*TASK GOAL*:
Give back, exactly as written, the lines of the listing from the top through the line holding "通过源码我们可以发现,他仅仅", and nothing more. Exclude pictures.

*DATA EXTRACT*:
--------------------------------

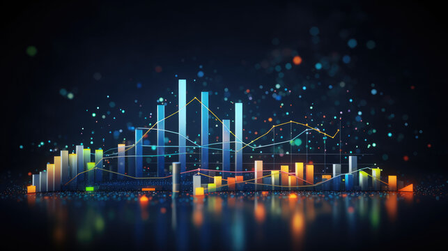 Digital KPI analysis with strategic business chart display and financial performance metrics for company success and goal tracking using data interface and productivity management
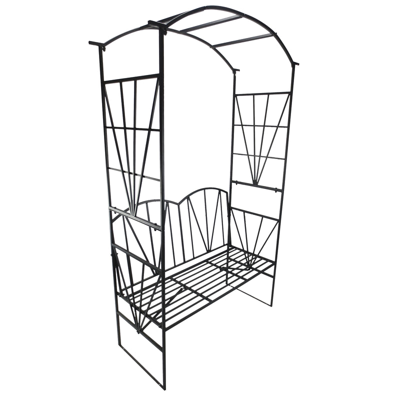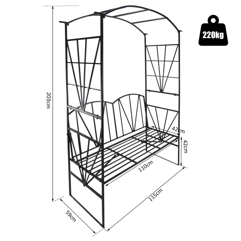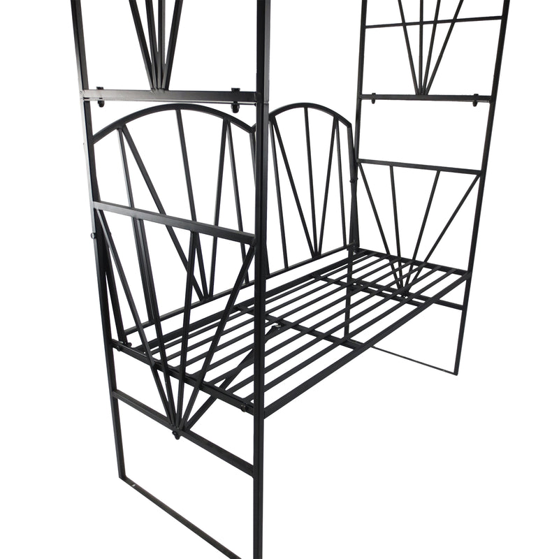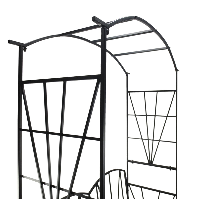 Panchina da Giardino 2 Posti con Arco Rampicanti per Piante Nero 115x59x203 cm
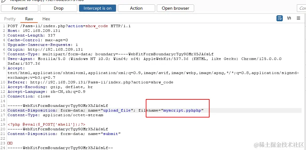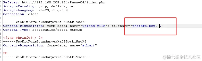 通过源码我们可以发现,他仅仅对文件名称进行了替换,替换之后的后缀没有进行黑名单验证,这里我们就可以使用双写文件后缀进行文件上传,例如filename="info.pphphp"。
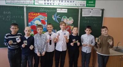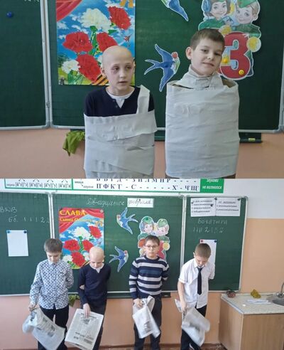Каждая девочка нашего класса приготовила интересный конкурс для мальчишек. Будущие защитники отвечали на вопросы викторины, рисовали солдата, перебирались через воображаемое болото, пробовали себя в роли снайпера и медбрата - показали свою сообразительность, ловкость и силу.

--------------------------------

*RESPONSE FOR THIS EXERCISE*:
 Digital KPI analysis with strategic business chart display and financial performance metrics for company success and goal tracking using data interface and productivity management
 Panchina da Giardino 2 Posti con Arco Rampicanti per Piante Nero 115x59x203 cm
 通过源码我们可以发现,他仅仅对文件名称进行了替换,替换之后的后缀没有进行黑名单验证,这里我们就可以使用双写文件后缀进行文件上传,例如filename="info.pphphp"。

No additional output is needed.